With the goal of simplifying VR filming and editing, a team of Google engineers was tasked with making it easier to create VR content so VR users would have more experiences to choose from. The team decided to create a system that would make creating stereoscopic 360, or 360-3D, video more efficient. After all, it cost VR filmmakers weeks of time and thousands of dollars to painstakingly stitch together a series of images into a 360 frame. “Creators had to manually mark correspondences in order to stitch images together,” explains software engineer Robert Anderson. “It tended to be very slow and painstaking.”

Robert and his team got to work prototyping algorithms that would speed up stitching time and on building a camera rig that could work with the software to expedite the process. Armed with a 3D-printed rig that held 16 GoPro cameras, the team went outside to film some test footage. “I think the first video was of one of our team members, Richard, unicycling down the canal outside the office,” Robert recalls. “We shot some video and stitched it together and it actually kind of worked! The first video we got off the prototype was way better than we expected!”

Indeed, the video test proved they were on their way to creating what would become Jump, an ecosystem for creating 3D-360 virtual reality content. It consisted of three parts: a 16-camera rig called the GoPro Odyssey, a player (YouTube), and the groundbreaking Jump Assembler, cloud-based software that converts the inputs from the multiple cameras into one seamless, three-dimensional 360-degree video.

Eager to present the GoPro Odyssey and Jump Assembler at 2015’s Google I/O, the team knew they needed compelling footage to demonstrate just how exciting this breakthrough technology was. They enlisted Jessica Brillhart, formerly a Google filmmaker, to go out into the field and create a short film.

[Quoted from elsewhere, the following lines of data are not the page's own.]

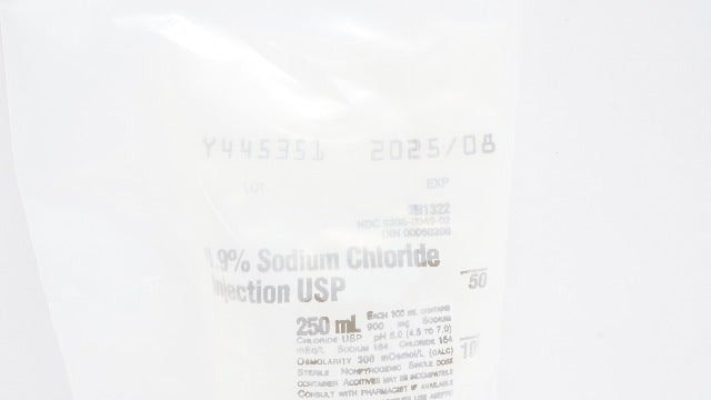 - Baxter 2B1322 0.9% Sodium Chloride Injection USP, 250mL
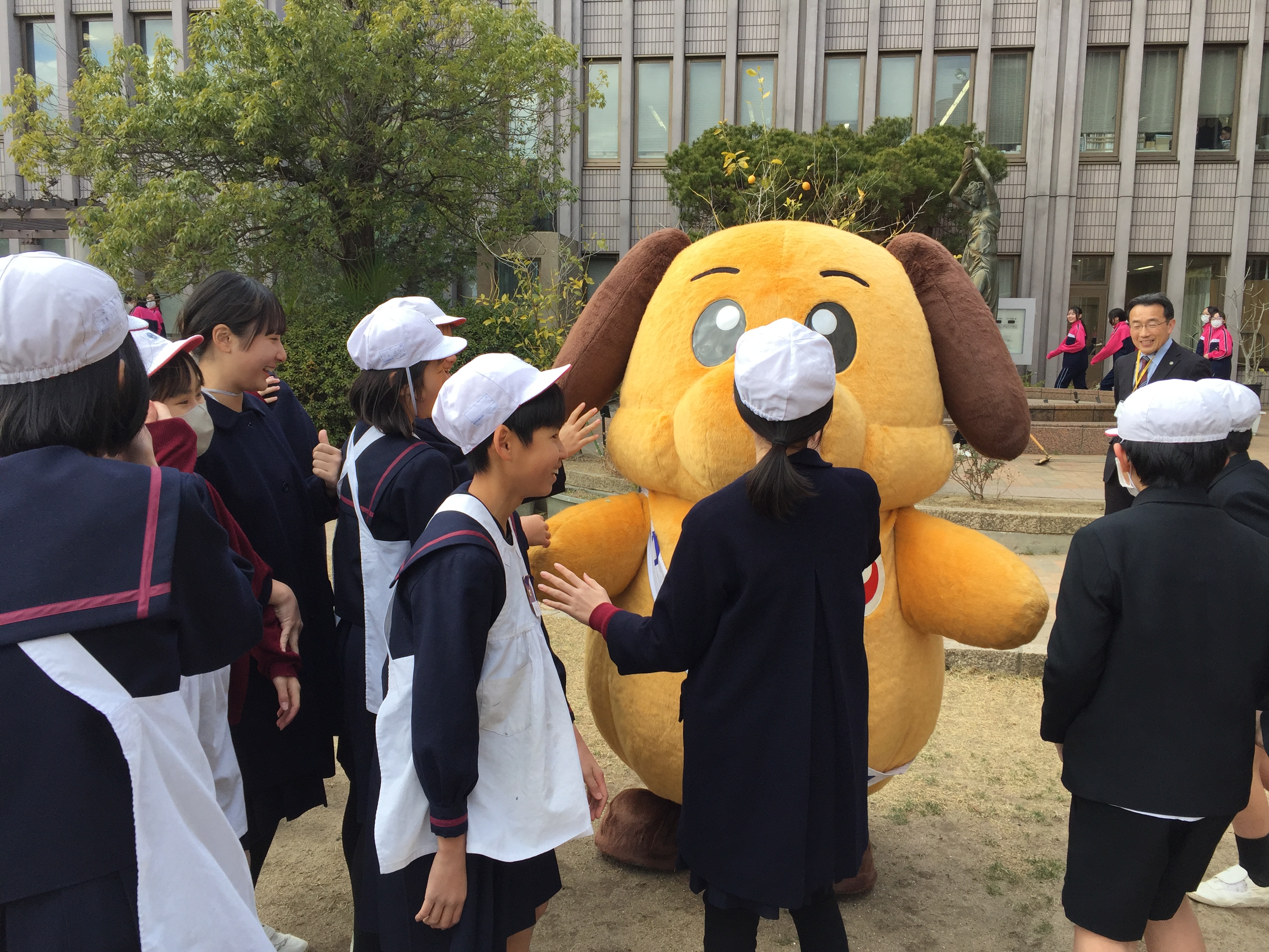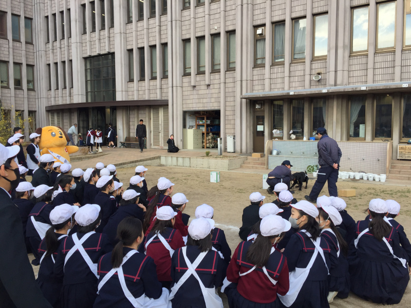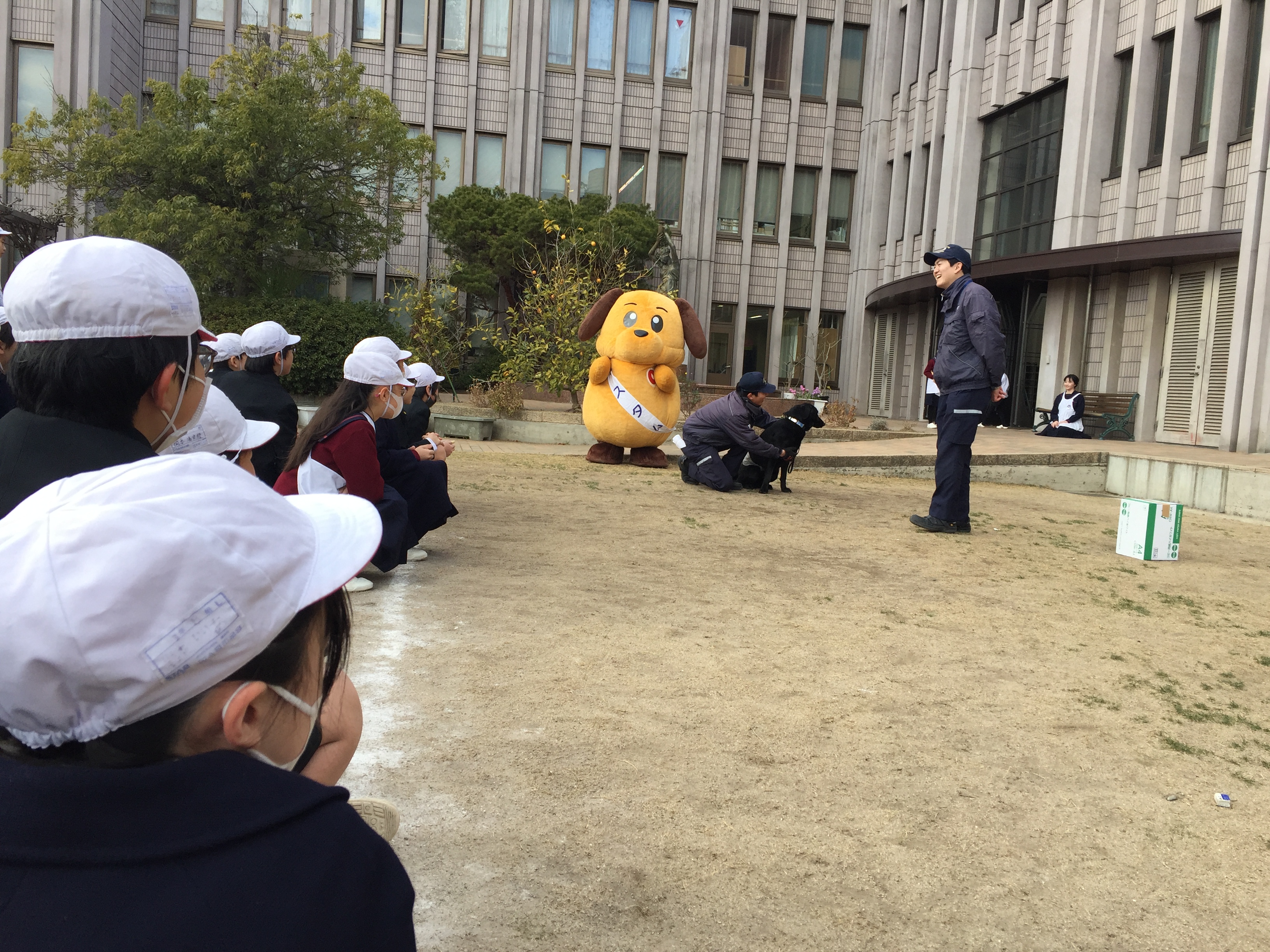 講師には、住吉税務署、大阪税関から来ていただき、更に麻薬探知犬やマスコットキャラクターのカスタム君まで特別ゲストとして来校。
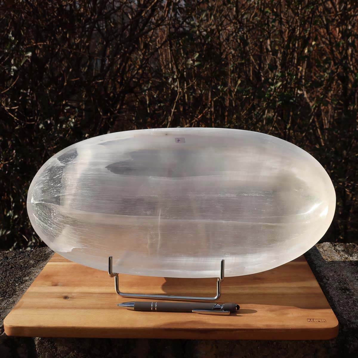 La selenite è utilizzata nella litoterapia per aumentare la stabilità e rafforzare i nervi. Questa pietra preziosa può aiutare a gestire meglio lo stress e a portare rilassamento. È considerata un grande portatore di luce ed è quindi nota come una forte pietra protettiva. Questo effetto si manifesta particolarmente se la selenite viene indossata come ciondolo o posizionata in casa come torretta o sfera. Troverai la selenite in molte altre forme qui nel negozio!

The film, named World Tour, was an odyssey that took Jessica and the team to California, Puerto Rico, Iceland, and Japan. Along the way, cameras overheated and failed, SD cards got mixed in the shuffle (there were 16 after all), and syncing all of the prototype’s cameras to shoot at the same time proved challenging. “We spent many late nights on the phone with Jessica, troubleshooting and commiserating,” says Christopher Hoover, a senior software engineer who oversaw the camera rig. “It was a lot of flying by the seat of our pants, trying to get something that was actually watchable.”

In the end, they got the footage, and the Jump Assembler got to shine, automating the process of stitching stereoscopic 360 video into a VR-ready experience in a matter of hours.

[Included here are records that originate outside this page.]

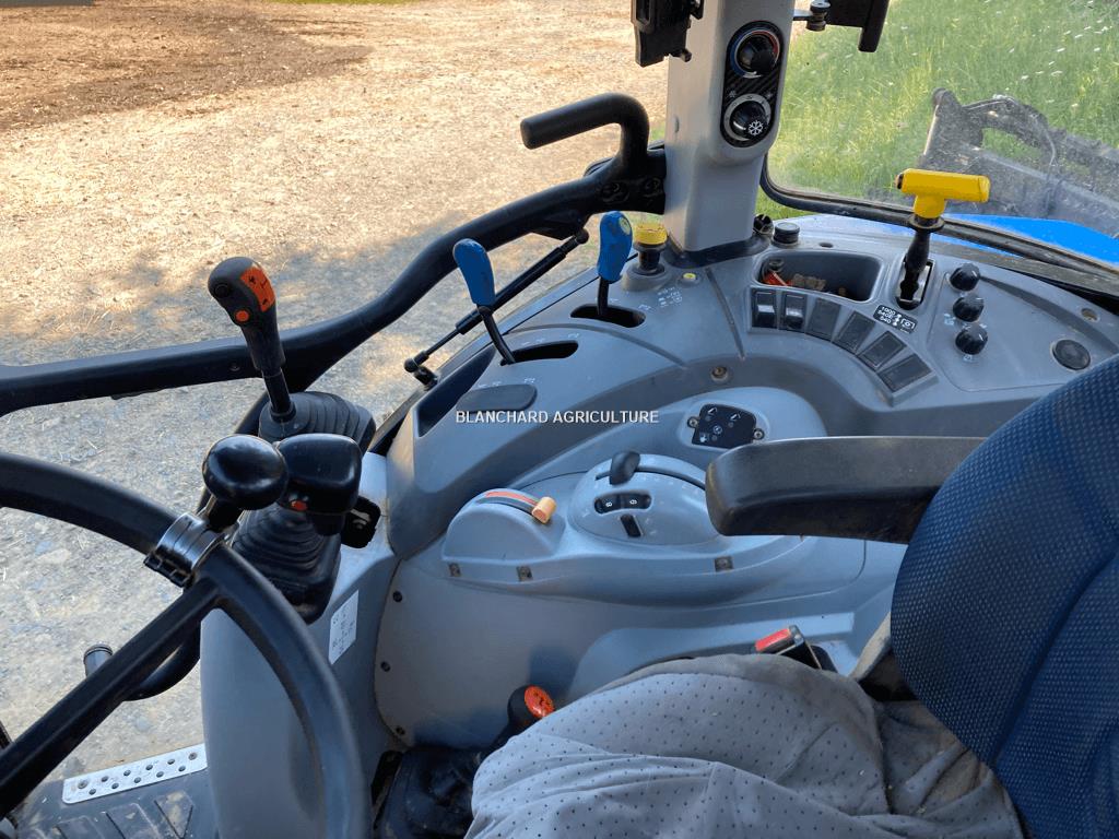 TRACTEUR NEW HOLLAND T5.115 DU, TRACTEUR NEW HOLLAND T5.115 DUAL COMMAND D OCCASION, CABINE STANDARD CLIMATISEE, BOITE ELECTRO COMMAND, 3 REGIMES PDF, 3 DISTRI ARR, 2 DISTRILATERAUX AVEC JOYSTICK, CHAUSSE EN 380/70R24 20% ET 480/70R34 20%, AVEC CHARGEUR STOLL 750 TL ANNEE 2019 SERIE 7104671 SANS OUTILS
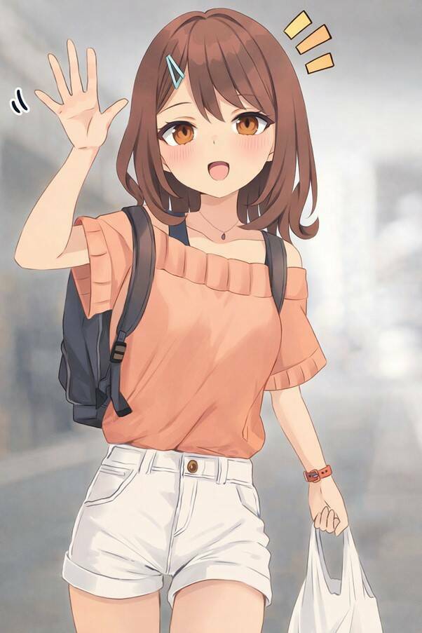 Ayaka, abraçada pela empolgada Saki, tentou ajeitar o cabelo às pressas com os dedos.
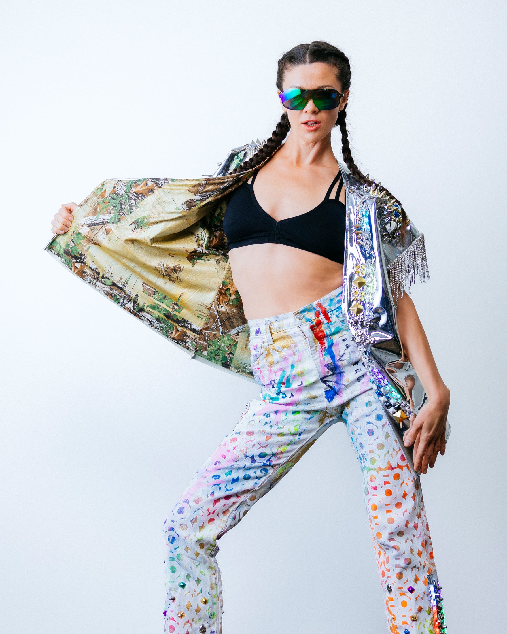 A hand-painted lining of tree camouflage graphics covered by a layer of gold feminine hero, in water-base ink, provides comfort and a luxurious finish. High-quality silver rhinestone 2 to 4.4" fringe on left shoulder and on right rhinestone circle chain add a finishing touch.

Now, when a user uploads their raw footage into the Jump Assembler, algorithms analyze and process the footage using a combination of computational photography (the stitching together of the individual images from each of the 16 cameras to create one 360-degree image) and computer vision (algorithms that allow the computers to see the images and make decisions about how they should fit together). The result is a seamless and clear 360 video that has depth, so that objects nearby look close and objects in the background look far away.

I’m looking forward to extending, and getting Jump into the hands of more filmmakers.

Recording sound that surrounds

Software engineers Dillon Cower and Brian O’Toole were tasked with converting the shoot’s audio files into sound that could fill a 360 degree space. “If you have a 360 video without spatial audio, as you look around, the sound isn’t changing with respect to your point of view,” Dillon explains. “Spatial audio unlocks the ability to rotate sound as you’re hearing it, so that when you turn your head to hear a sound coming from the left, you actually hear what you’re looking at.”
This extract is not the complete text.